Küresel değer zincirinde üs konumu

Uluslararası şirketlerin kendi faaliyet alanlarında Türkiye'yi nasıl bir yere oturttuğu, şimdiye kadar çok dikkat edilmeyen, oysa çok önemli bir husus. Son araştırma, buna ilişkin önemli bir veri sunuyor: Buna göre Türkiye'yi bölgesel merkez ( ya da üs) olarak kullananların oranı yüzde 33, yani her üç şirketten biri Türkiye'yi sadece üretim hattı olarak değil, aynı zamanda stratejik bir nokta olarak görüyor.

Ülkenin küresel değer zincirine eklemlenmesi ve üretilen katma değerden daha fazla pay alması açısından bu özellik kritik değer taşıyor. Dolayısıyla ülkenin geliştirdiği politikalarla bu nitelikte bir yatırım yeri potansiyelini artırması gerekir. Ne var ki yukarıda belirtilen üçte bir'lik oranın böyle proaktif politikalardan çok, Türkiye'nin coğrafi ve kültürel yakınlıklarını da içeren jeostratejik konumundan kaynaklandığı açık. Başka bir deyişle bilinçli bir odaklanmanın bu oranı çok daha yükseltmesi hiç te güç değil.
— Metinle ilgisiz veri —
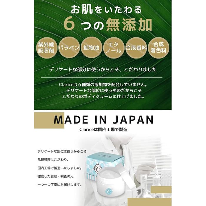 Clarice(クラリス)黒ずみ対策クリームは、Wの有効成分配合でトータルボディケアが叶う黒ずみ対策クリームです。

Öncelikle mevzuatımızda uzun zamandır varolan irtibat büroları düzenlemesi dışında geçtiğimiz yıllarda Kurumlar Vergisi ile bölgesel holding'lere getirilen ancak pek de tanıtılmayan vergi avantajı ile sınırlı yaklaşımı genişletmek gerekiyor. Şirketlerin özellikle yönetim, stratejik planlama, pazarlama ve araştırma geliştirme gibi temel kurmay fonksiyonlarının, ayrıca ortak hizmet merkezlerinin Türkiye'de kurulmasını özendirmek sadece ülke içindeki üretime ve istihdama katkı yapmakla kalmayacak, şirketin küresel üretim değerinden daha fazla bir bölümünün Türkiye'de kalmasını sağlayacak.

İstikrar ve imaj katkısı

Küresel şirketlerin stratejik fonksiyonlarının ve merkezi organizasyonlarının bir bölümünü küresel ya da bölgesel düzeyde taşıdıkları ülkeleri hem avantajlı hem de güvenli bulmaları gerektiği açık. Bu işe hem kurumsal hem de fiziksel altyapının elverişli olmasını, nitelikli ve verimliliğine kıyasla makul maliyette işgücü arzedebilmesini, liberal piyasa koşullarının ve yatırım dostu mevzuatın varlığını dayatıyor. Aslında bu koşullar genel ekonomik performans için gerekenlerden farklı değil.

Başarı sağlandığında kazanılacak çok önemli bir avantaj da küresel şirketlerin ülke ile özdeşleşerek istikrar ve imaj yönünden yapacakları katkı. Dünya çapında güçlü bir lobi potansiyeli oluşturmaları da cabası. Son zamanlarda hizmet üretimi ve ticaretine yönelik düzenlemeler, özel ekonomik bölgeler tasarımı ve YOİKK platformunda daha somut ve ölçülebilir eylem odaklı yapılanma gibi adımlar, hedefler iyi saptanır ve kafalar karışmazsa bu işin pekala kotarılabileceğini gösteriyor.